The appeals court has now ruled in a personal constitutional tort lawsuit filed by a Library of Congress employee against his former supervisor. In Davis v. Billington, CADC No. 11-5092 (June 1, 2012), the U.S. Appeals Court for the DC Circuit has reversed the district court’s refusal to dismiss the employee’s suit.
Briefly, Davis argued that his supervisor committed a constitutional tort by interfering with Davis’ First and Fifth Amendment rights by terminating him during probation for publishing articles in which Davis was highly critical of the military commissions process at Guantanamo Bay. (For more facts, please refer to the court decisions and/or articles on the district court holding linked to above.)
As FedSmith reported a little more than a year ago, the district court declined to throw out the Bivens complaint, indicating that Davis had “stated a plausible First Amendment claim…” and had “adequately stated a claim for relief under the Fifth Amendment.”
Daniel Mulhollan, the supervisor sued by Davis, appealed the lower court decision.
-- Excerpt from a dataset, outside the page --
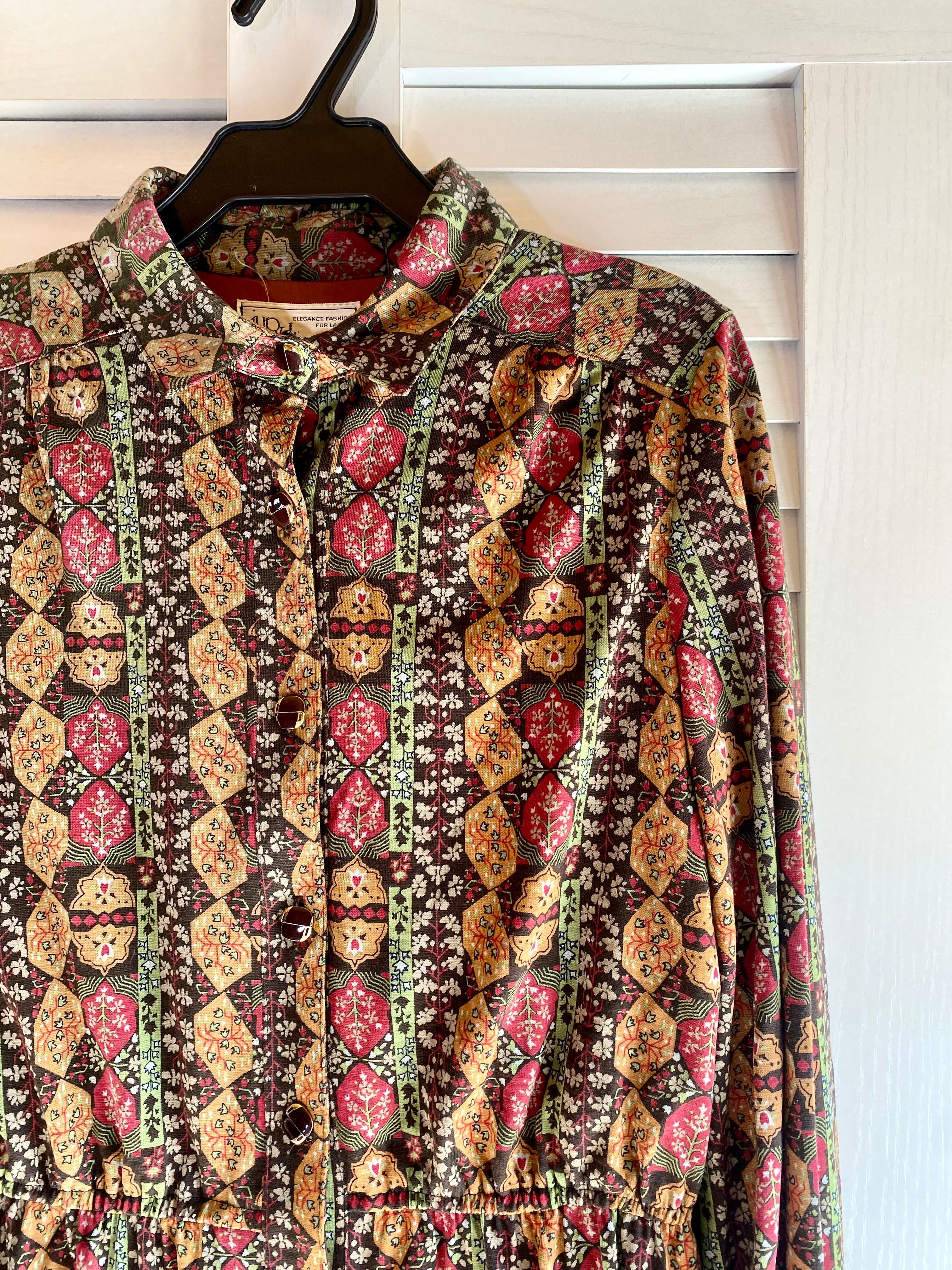 #91【国産古着】70Sヴィンテージ アメリカンパッチワークプリントワンピ オレンジ

The appeals court had concluded “that the courts should not imply a new form of Bivens action on the facts of this case,” reversed the district court’s decision, and remanded the case to that court with instructions to dismiss the claims. (Opinion p. 19)
Davis’ only recourse is to persuade the U.S. Supreme Court to carve out a new Bivens right of action, something the high court has refused to do in disciplinary appeal cases where employees have remedies available to them under civil service laws.
Mr. Mulhollan—after almost three years with this potential personal liability hanging over him—should now be resting quite a bit easier.